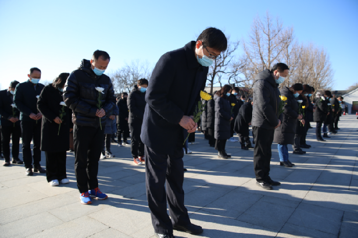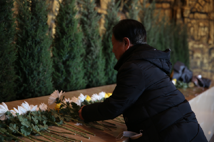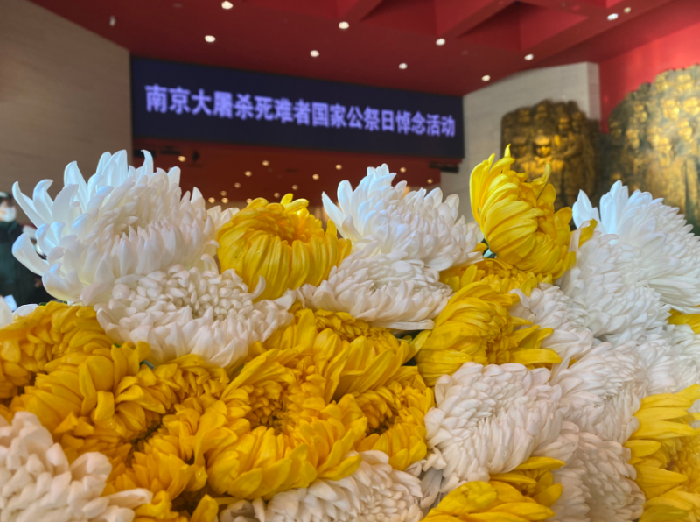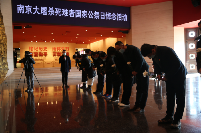 10时,《义勇军进行曲》响起,现场百余名参与仪式的活动人员高唱中华人民共和国国歌,全体人员为所有惨遭日本侵略者杀戮的死难同胞默哀。随后,他们依次将鲜花敬献于该馆序厅“铜墙铁壁”雕塑前。
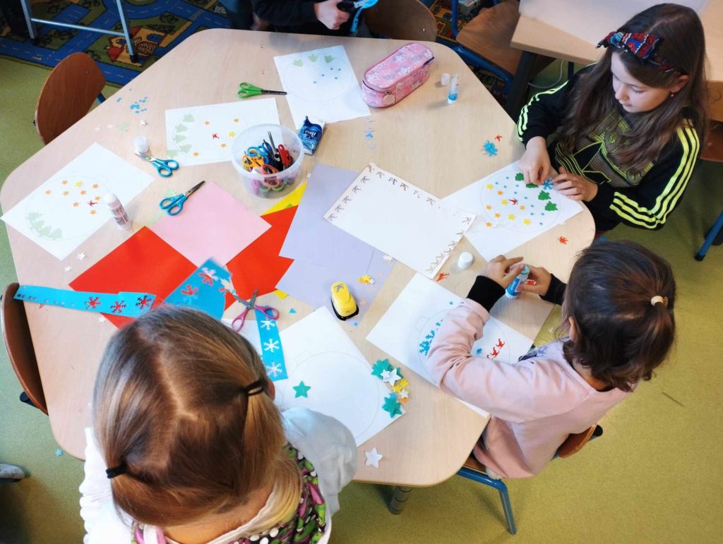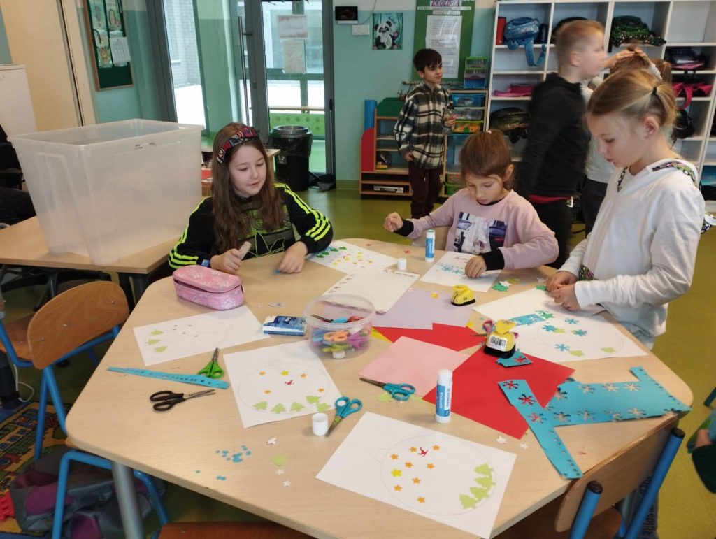 Uczniowie ze świetlicy wkładają serce w tworzenie ozdób świątecznych. Magia świąt rozkwita w ich rękach.
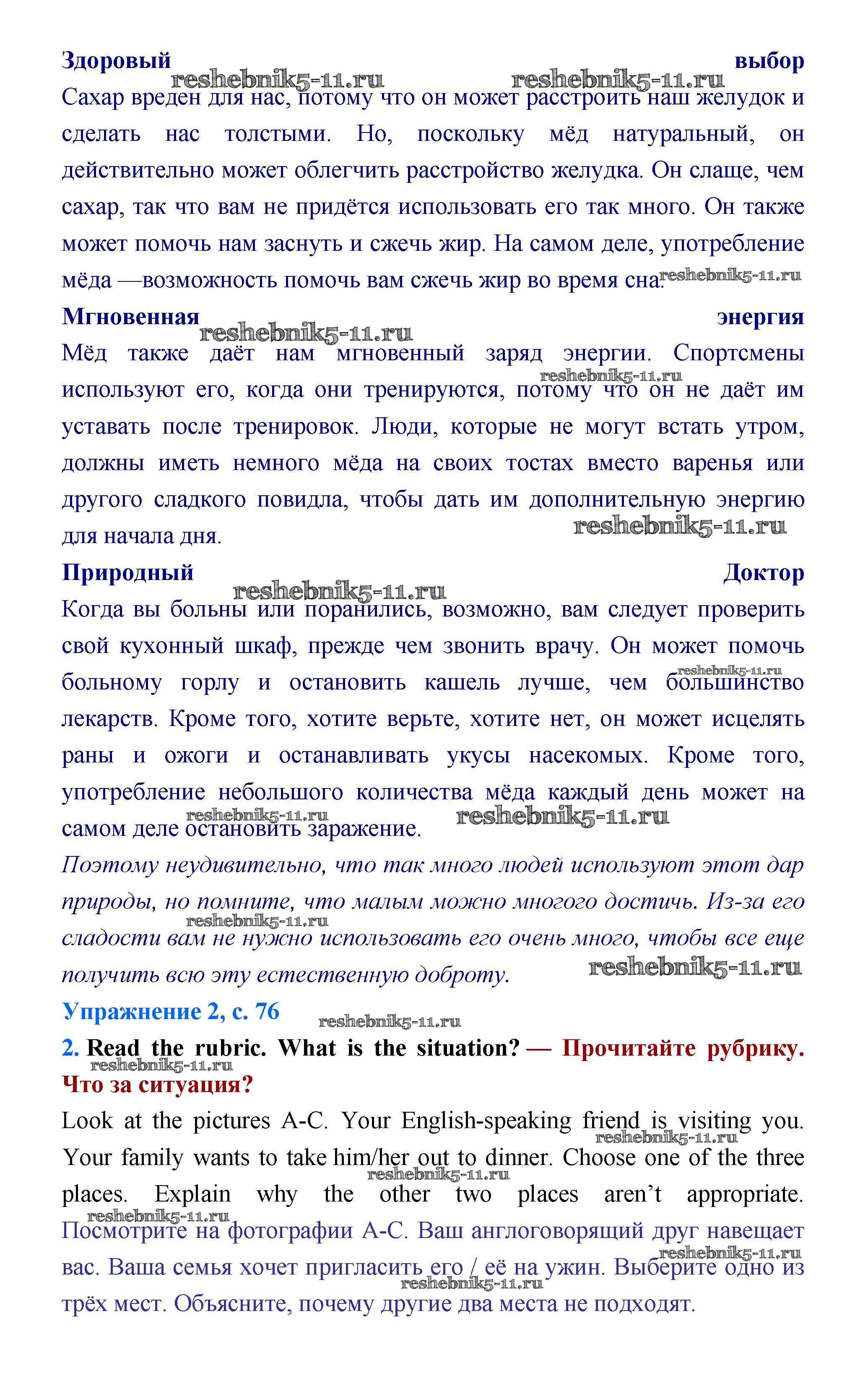 Английский язык за 5 класс Баранова Учебник Starlight Углубленный уровень Просвещение module 4 стр.76
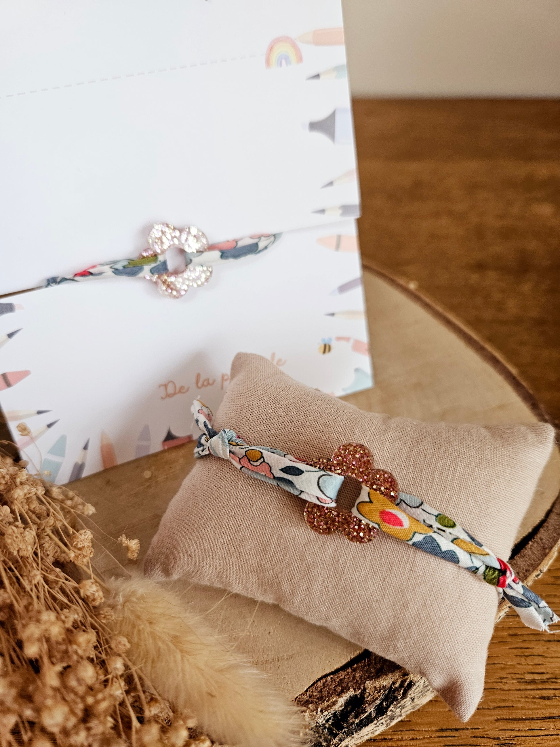 Bracelet liberty marguerite / carte MERCI /cadeau fin année - cadeau maitresse atsem école cadeau enfant

▶ **Required action**
Every line of the material should be repeated precisely; pictures are to be excluded.

▶ **Answer to this task**
 10时,《义勇军进行曲》响起,现场百余名参与仪式的活动人员高唱中华人民共和国国歌,全体人员为所有惨遭日本侵略者杀戮的死难同胞默哀。随后,他们依次将鲜花敬献于该馆序厅“铜墙铁壁”雕塑前。
 Uczniowie ze świetlicy wkładają serce w tworzenie ozdób świątecznych. Magia świąt rozkwita w ich rękach.
 Английский язык за 5 класс Баранова Учебник Starlight Углубленный уровень Просвещение module 4 стр.76
 Bracelet liberty marguerite / carte MERCI /cadeau fin année - cadeau maitresse atsem école cadeau enfant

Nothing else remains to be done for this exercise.